It is in the form of four sections, which the author says are four manuscript notebooks lying around the house; when he's finished the fourth, some weeks after the event, he has worked through enough and resolves not to buy notebooks for the purpose. I don't know whether it was edited or fictionalized to any extent, beyond suppressing names -- Joy is referred to as "H." --, and it could well have been his verbatim record of his own feelings at the time.

He begins with the yawning mental emptiness and pain of grief ("No one ever told me that grief felt so like fear."), and his acute sense of missing her, her presence, her humour, her no-nonsense character, her sharp mind: and goes through all the possible doubts, not about whether God exists, but about what is far worse for him, what sort of being God might be to allow the pain. His own suffering he can set down as a trial; that of H. is far harder to comprehend.

His feelings do change over the course of this small book; they became duller, a bit more accepting, a bit more able to cope with the everyday. He doesn't reject God, but nor does it all fall into place and make sense.

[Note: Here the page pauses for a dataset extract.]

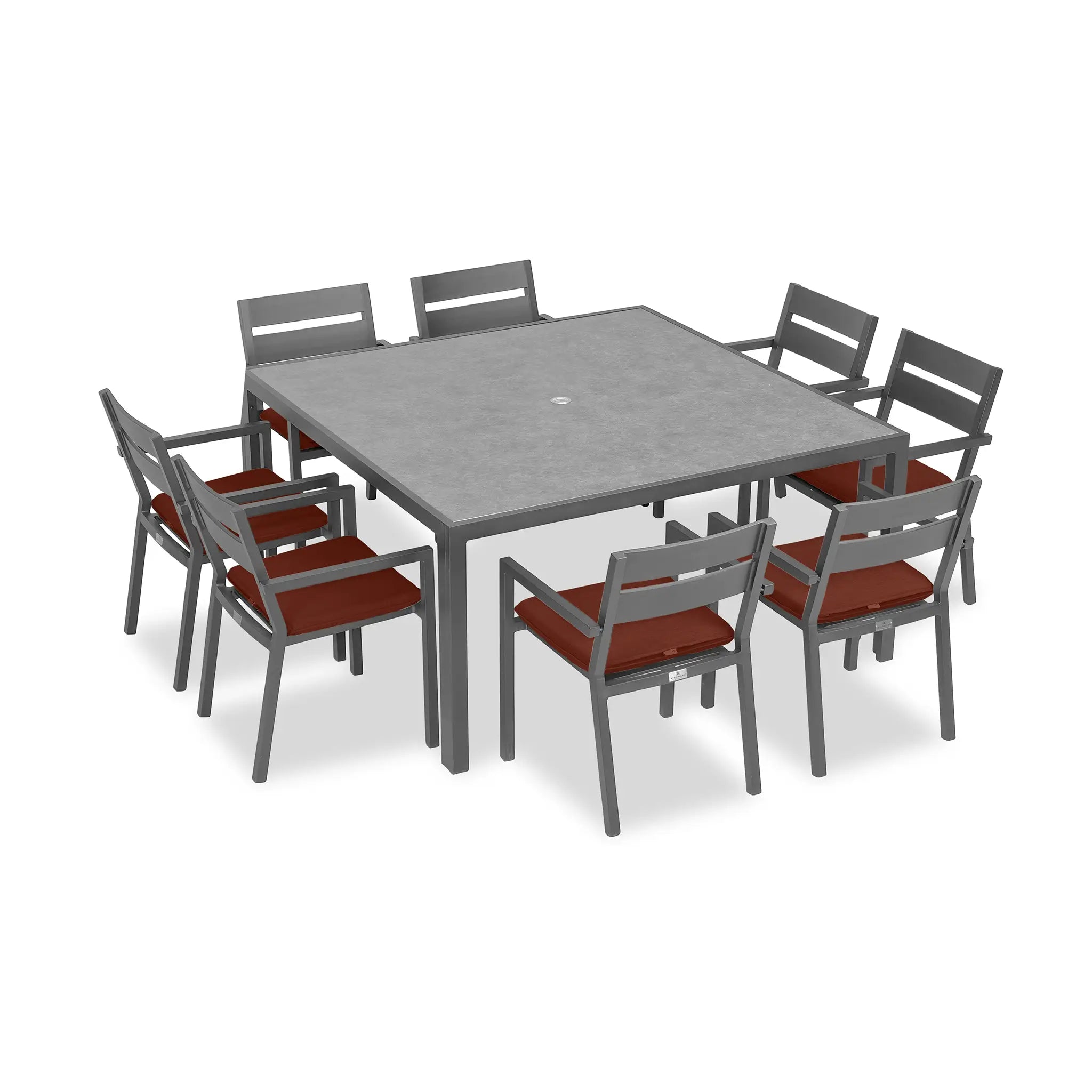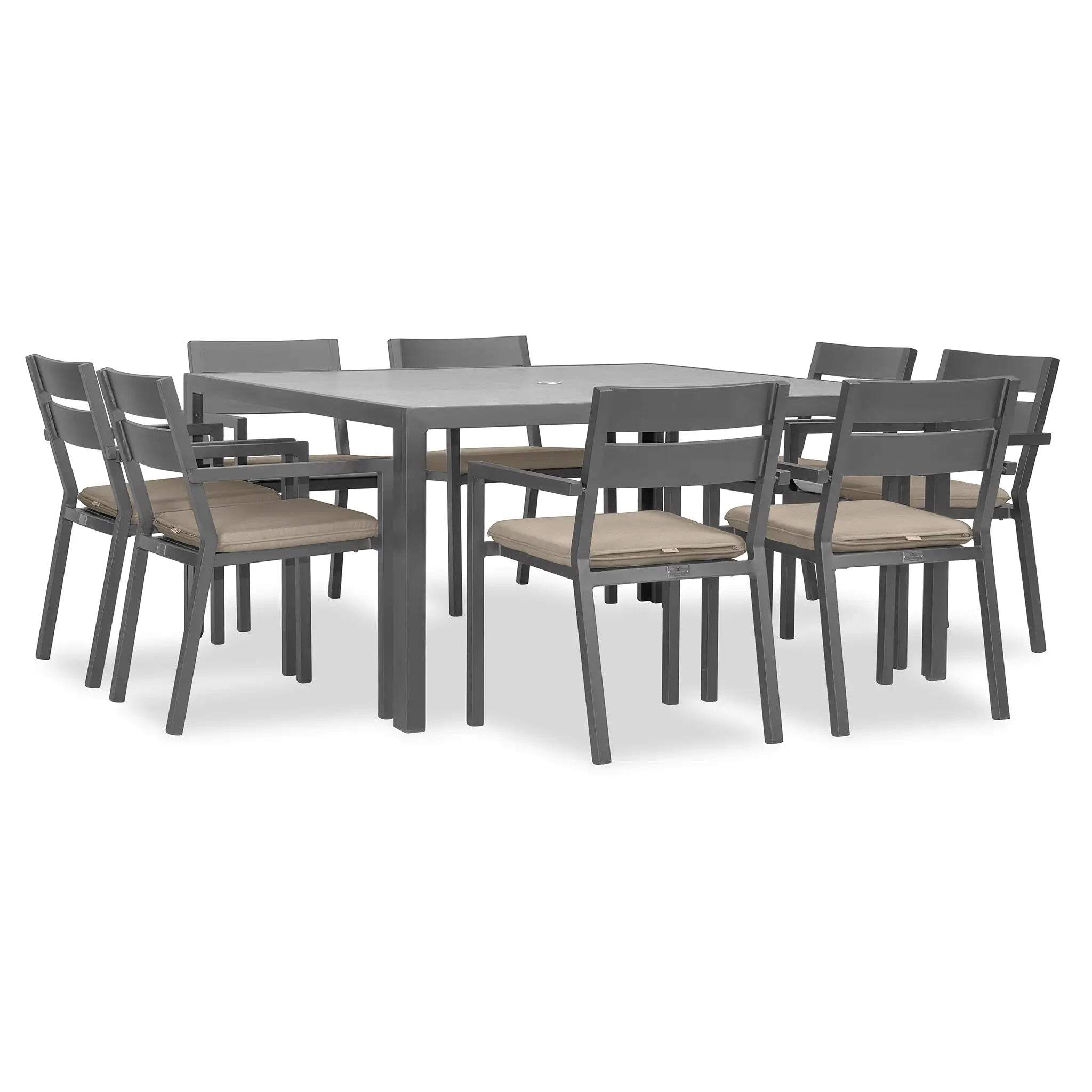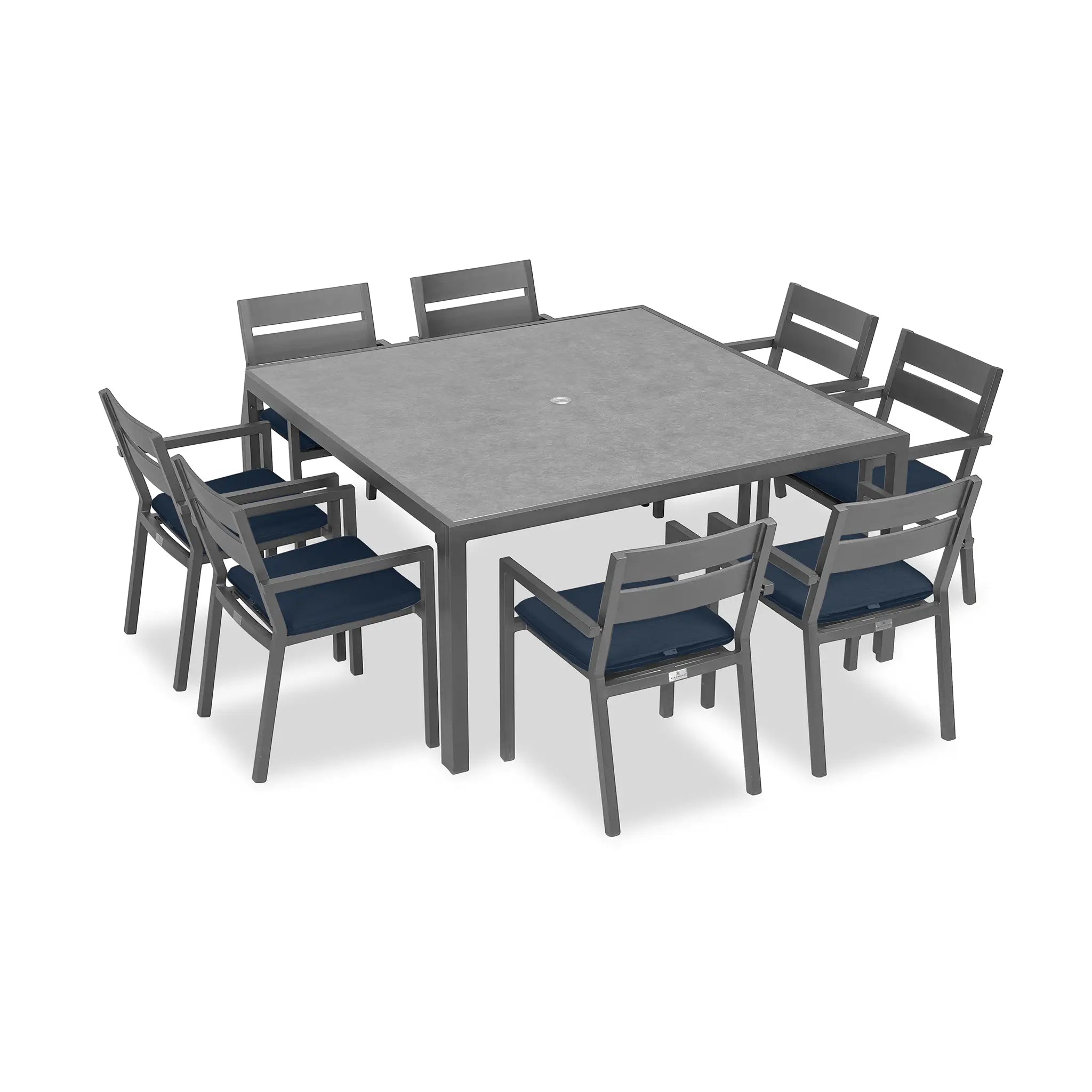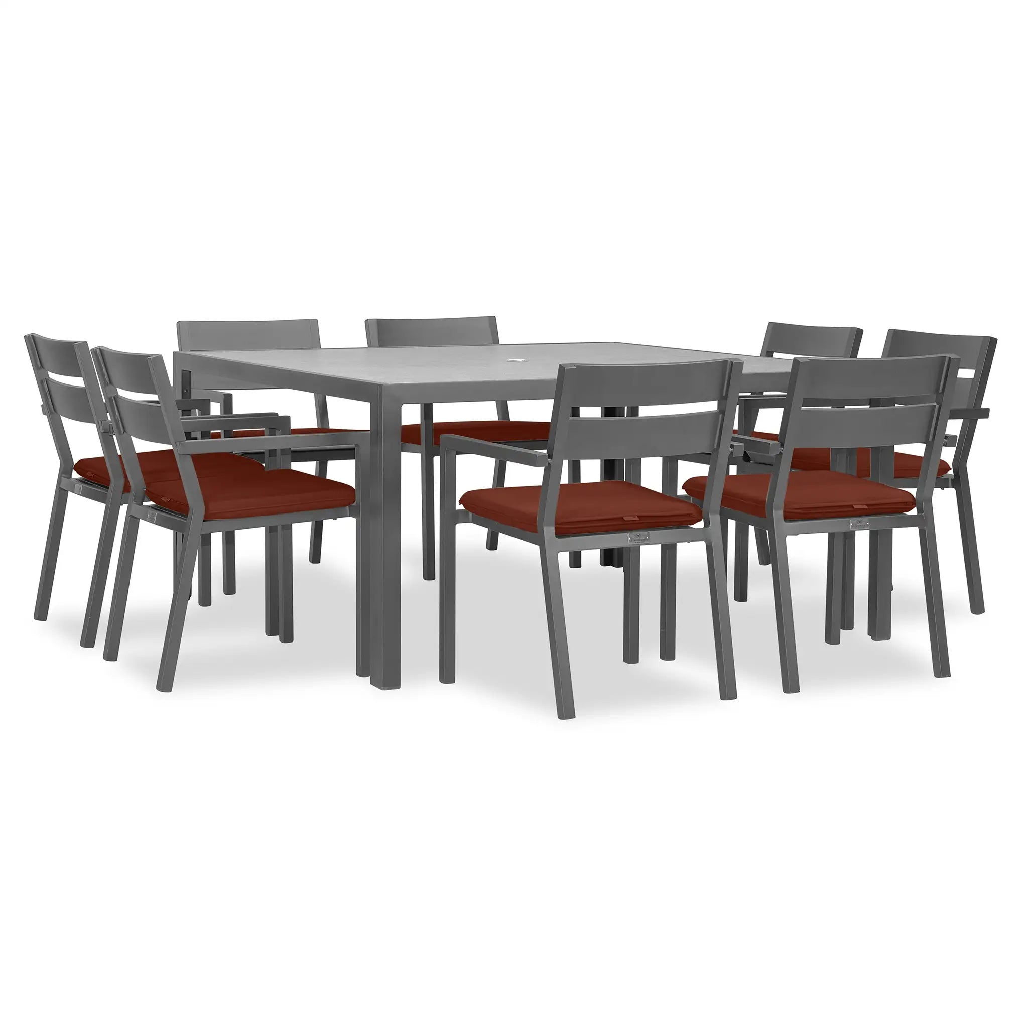 The Harmonia Living Pacifica 9 Piece Aluminum Square Dining Set - Slate is designed to bring a perfect balance of refinement and relaxation to your outdoor space. With its clean lines, gentle angles, and minimalist aesthetic, this dining set provides a sophisticated yet inviting atmosphere for patios both large and small. Whether you're hosting an elegant dinner party or enjoying a casual meal with family, the Pacifica collection delivers both style and comfort, making it an essential addition to any outdoor dining area.

As with all C.S. Lewis, I feel there is something wrong with it, something insincere or rather studied. I don't mean phony, I mean that as he himself would say (best exemplified in his poem "As the Ruin Falls") he didn't know how to be sincere, to come out of himself and reach out. His love with Joy Gresham certainly was a miraculous and true love, and A Grief Observed is an accurate observation. But one of his points is that even when you most need a resolution (God, in his case), you have no guarantee it will be there. Not in the way you wanted, anyway.